The limit system rules are based on the overall percentage of unedited machine translation (MT):
- If MT > L: Publishing is prevented. By default, this means users can publish translations with less than 95% of unedited machine translation.
- If MT> L - F: A warning is shown and the published translation is tagged for the community to review. By default, this means users trying to publish a translation with 85% to 95% of unedited machine translation will be able to publish their translation but will get a warning to review it.
- If the user has a translation deleted in the last 30 days, publishing is prevented. With the default values, this means that a user with a previously deleted translation will only be able to publish translations with less than 85% of MT during a month (after it, the usual 95% limit will apply). Given that historically problematic events such as contests have a duration that does not tend to exceed a month, making the limit strict
For paragraphs
The limits are calculated for the whole translation. Information at a paragraph level is used for user guidance and incorporating their feedback.
- For each paragraph warnings are shown when the unedited machine translation is considered high as a guidance for the user about which paragraphs they may need to edit to improve the overall percentage for the article.
- Paragraph warnings include an option to indicate the user already reviewed the translation, which allow to compensate for cases where the machine translation is very good. In such cases an additional percentage will be considered as modified.
So, for each paragraph:
- If MT> L - F: A warning is shown. A warning is shown to indicate that the paragraph contains too much unedited machine translation. By default, when the paragraph contains over 85% of unedited machine translation.

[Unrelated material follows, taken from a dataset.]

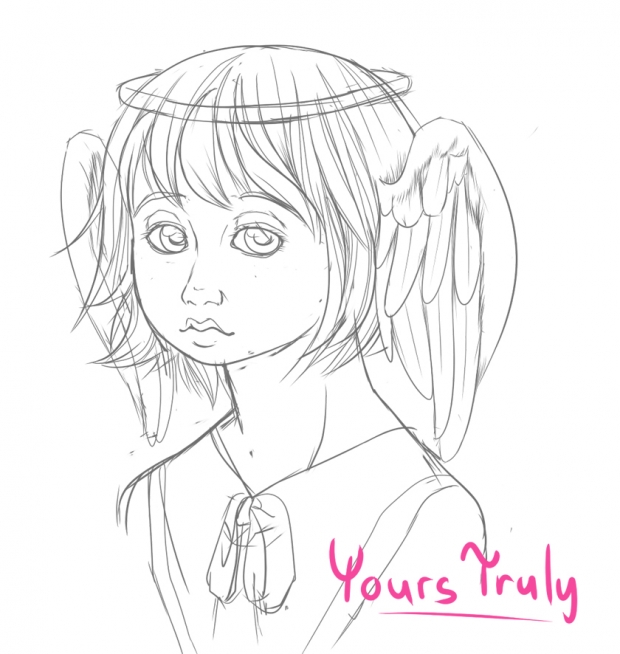 An angel sketch that I ended up practicing realism on. Originally, it was anime styled but it just didn't look right. My style is changing a lot. :0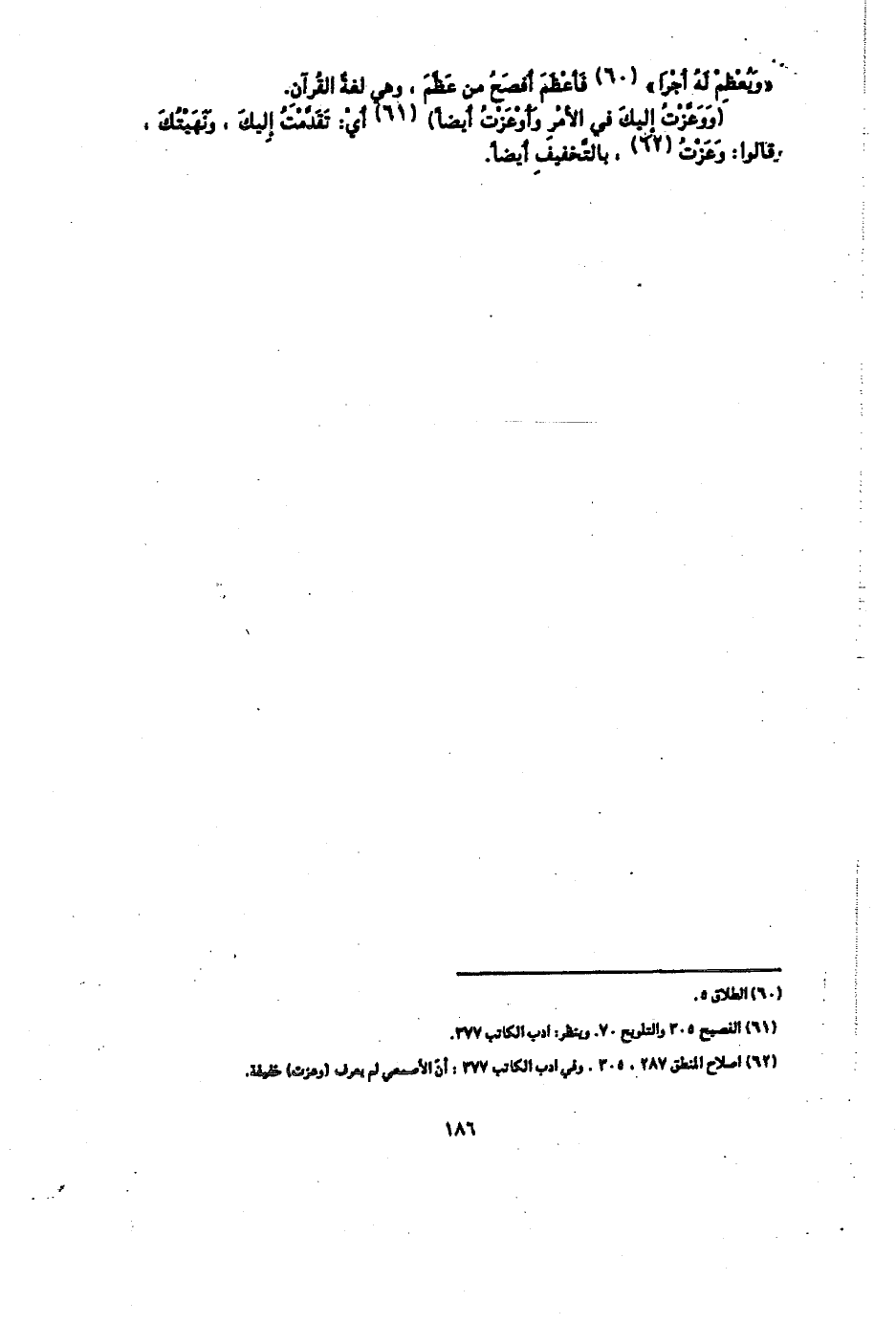 (ووعزت إليك في الأمر وأوعزت أيضًا) أي: تقدمت إليك، ونهيتك، وقالوا: وعزت، بالتخفيف أيضًا.

- If the user marks the warning as resolved, the paragraph MT will be computed as (MT - ½F). This only applies to users without a deleted translation during the last 30 days. For example, a user marking a paragraph with 90% of unedited machine translation as resolved, the paragraph will be considered as having 85% of unedited machine translation instead (90% - ½*10%).
This system is expected to be easier to communicate (we can show which is the percentage to reach to be able to publish, and the paragraphs that can be edited), account for false positives (letting users confirm when translation is good) and preventing abuse (catching one problematic translation will require additional editing for the user during a limited period of time). Combined with limiting the pace of article creations (T331023), this approach can also help with low quality spikes that have resulted in some cases due to contests and events.